▶ What is needed
I'd like the entries repeated exactly, without their pictures.

#### Information ####

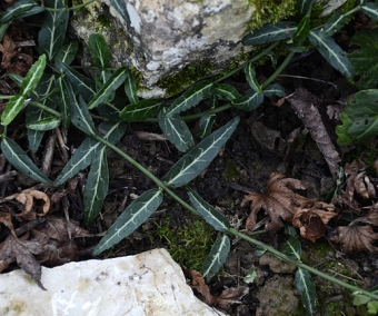 Une belle et originale forme issue d'une collecte dans le Sichuan en Chine, avec des feuilles allongées, vert foncé, nervurées de blanc-argenté. Un beau couvre-sol pour toute situation ombragée, dans un massif ou une rocaille.
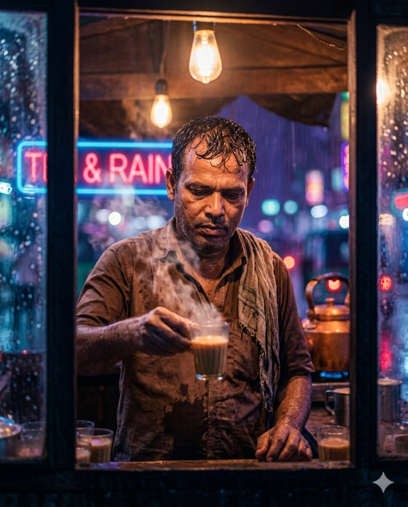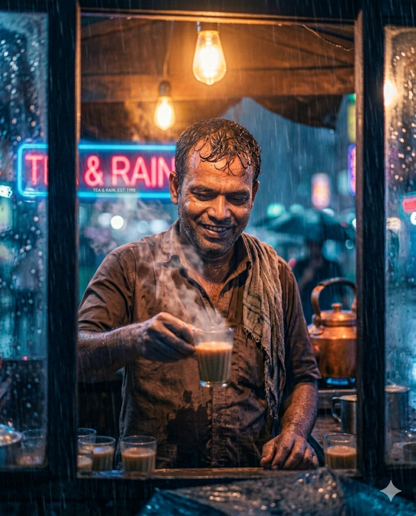 Rainy streets and hot tea create one of the most cinematic and emotional atmospheres you can capture with AI. From glowing street lights reflecting on wet roads to the comforting steam rising from a fresh cup of chai, these scenes are perfect for creating viral, aesthetic visuals using Google Gemini. Whether you love urban photography or cozy storytelling visuals, rainy tea stalls offer a perfect blend of mood, culture, and realism.
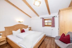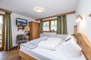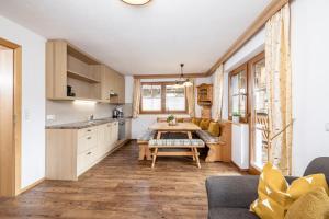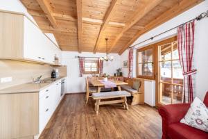 Apartment with a balcony, a combined sleeping and living room and an open-plan kitchen with dishwasher. The Alpine-style apartment comes with wooden floors.
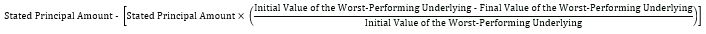 Principal Amount; otherwise, your Notes are subject to 1-to-1 downside exposure to decreases in the Worst-Performing Underlying from its Initial Value, with up to 100% of the Stated Principal Amount at risk. At maturity you will also receive the
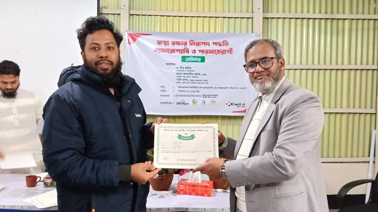 ড. নিম হাকিম তার বক্তব্যে ন্যাচারোপ্যাথি বিষয়ে গুরুত্বপূর্ণ আলোচনা করেন এবং তার উদ্ভাবিত “পারমাথেরাপী” পদ্ধতির বৈজ্ঞানিক ভিত্তি, কার্যকারিতা ও মানবস্বাস্থ্যে এর ইতিবাচক প্রভাব নিয়ে বিস্তারিত আলোকপাত করেন। বক্তারা নিরাপদ খাদ্য নিশ্চিতকরণ, সচেতন উদ্যোক্তা গড়ে তোলা এবং স্বাস্থ্যসম্মত খাদ্য ব্যবস্থার গুরুত্ব তুলে ধরেন।

####

▶ Completed exercise
 Une belle et originale forme issue d'une collecte dans le Sichuan en Chine, avec des feuilles allongées, vert foncé, nervurées de blanc-argenté. Un beau couvre-sol pour toute situation ombragée, dans un massif ou une rocaille.
 Rainy streets and hot tea create one of the most cinematic and emotional atmospheres you can capture with AI. From glowing street lights reflecting on wet roads to the comforting steam rising from a fresh cup of chai, these scenes are perfect for creating viral, aesthetic visuals using Google Gemini. Whether you love urban photography or cozy storytelling visuals, rainy tea stalls offer a perfect blend of mood, culture, and realism.
 Apartment with a balcony, a combined sleeping and living room and an open-plan kitchen with dishwasher. The Alpine-style apartment comes with wooden floors.
 Principal Amount; otherwise, your Notes are subject to 1-to-1 downside exposure to decreases in the Worst-Performing Underlying from its Initial Value, with up to 100% of the Stated Principal Amount at risk. At maturity you will also receive the
 ড. নিম হাকিম তার বক্তব্যে ন্যাচারোপ্যাথি বিষয়ে গুরুত্বপূর্ণ আলোচনা করেন এবং তার উদ্ভাবিত “পারমাথেরাপী” পদ্ধতির বৈজ্ঞানিক ভিত্তি, কার্যকারিতা ও মানবস্বাস্থ্যে এর ইতিবাচক প্রভাব নিয়ে বিস্তারিত আলোকপাত করেন। বক্তারা নিরাপদ খাদ্য নিশ্চিতকরণ, সচেতন উদ্যোক্তা গড়ে তোলা এবং স্বাস্থ্যসম্মত খাদ্য ব্যবস্থার গুরুত্ব তুলে ধরেন।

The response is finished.